WHEREAS, the Registration Statement on Form S-3 originally filed pursuant to the Agreement (the Original Registration) is no longer effective;
WHEREAS, Section 7(f) of the Agreement provides that the provisions of the Agreement may be amended and that departures, modifications and waivers may be given, by a writing signed by the Company and the holders of at least a majority of the Registrable Securities (as defined in the Agreement); and
WHEREAS, the Company and the undersigned Purchasers, constituting holders of at least a majority of the Registrable Securities have agreed to modifications, departures and waivers with respect to certain provisions of the Agreement as specifically set forth in this Modification.

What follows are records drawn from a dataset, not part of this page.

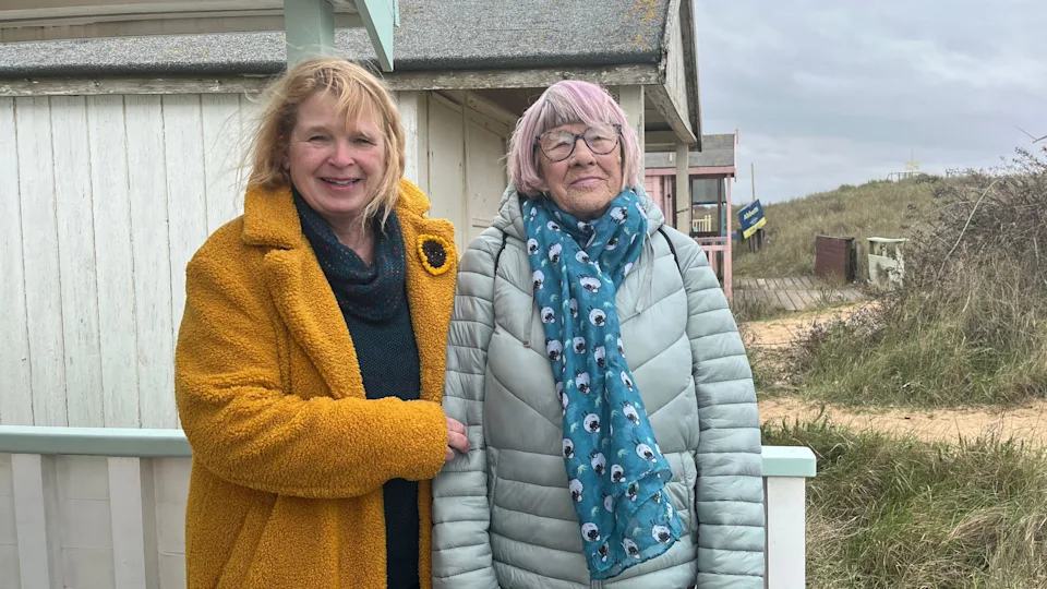 Proprietários de cabanas de praia como Dena Patrick e June Shearman são donos das estruturas de cabanas de praia e alugam do conselho o terreno onde ficam. [Clare Worden/BBC]
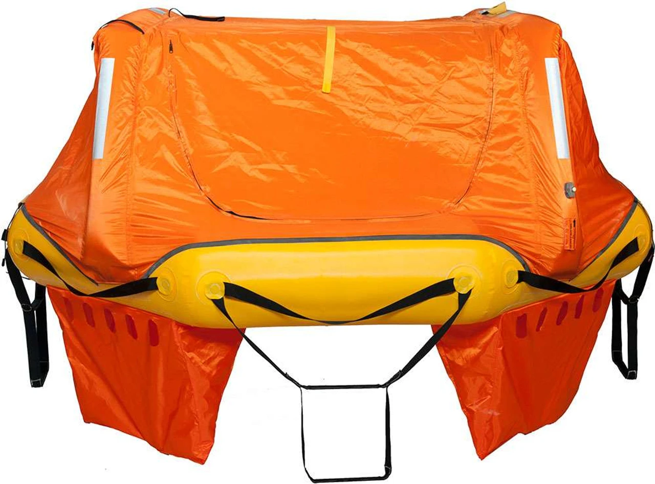 The Switlik Signature Convertible Canopy System is an improvement over rafts with limited points of entry. The convertible canopy system allows for rapid and flexible boarding in an emergency without needing to enter the water. This increases the safety factor for everyone on board, when those who are young, old or injured need to get off the boat quickly. The Switlik CPR makes it as easy as possible with four (4) boarding stations, and four (4) wide, stiffened rung ladders that make it easy for someone to climb over a single tube.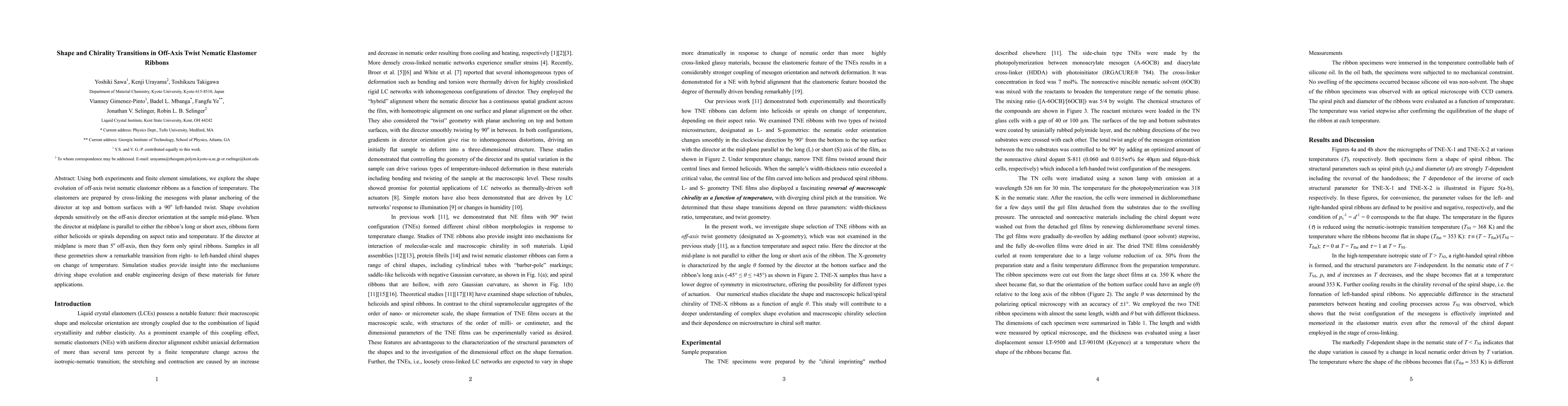This study investigates the shape transitions in off-axis twist nematic elastomer ribbons through experiments and simulations, revealing that ribbon geometry and temperature dictate whether they form helicoids, spirals, or chiral shapes. The research highlights the influence of director orientation and temperature on the material's shape evolution.

NOW, THEREFORE, in consideration of the mutual agreements contained herein and for other good and valuable consideration, the receipt and sufficiency of which are hereby acknowledged, the parties hereto agree as follows:
1. Waiver. Except as set forth in Section 2 below, the Purchasers hereby waive the past, present and future requirements under the Agreement , that the Company (a) keep the Original Registration continuously effective under the Securities Act during the Effectiveness Period and (b) until after the New Filing Date (as defined below), file such amendments, supplements or additional Registration Statements as may be necessary to keep the Registration Statement effective as to all Registrable Securities during the Effectiveness Period, in each case including, without limitation, pursuant to Sections 2 and 3(b) of the Agreement.
2. Compliance Modification and Departure. The Company and the Purchasers hereby agree that the Company will file a new Registration Statement (the New Registration Statement) on or prior to May 29, 2009 (the New Filing Date) and shall use its reasonable best efforts to cause such Registration Statement to be declared effective no later than the 60th calendar day following the Filing Date (or, in the event of a review by the Commission, the 90th calendar day following the Filing Date). The Effectiveness Period under the Agreement shall be tolled until the effective date of the New Registration Statement.
3. Ratification. Except as expressly waived and modified hereby, all terms and conditions of the Agreement, as amended, are hereby ratified and confirmed in all respects and shall continue in full force and effect. All references to the Agreement shall hereafter refer to such Agreement, as modified hereby.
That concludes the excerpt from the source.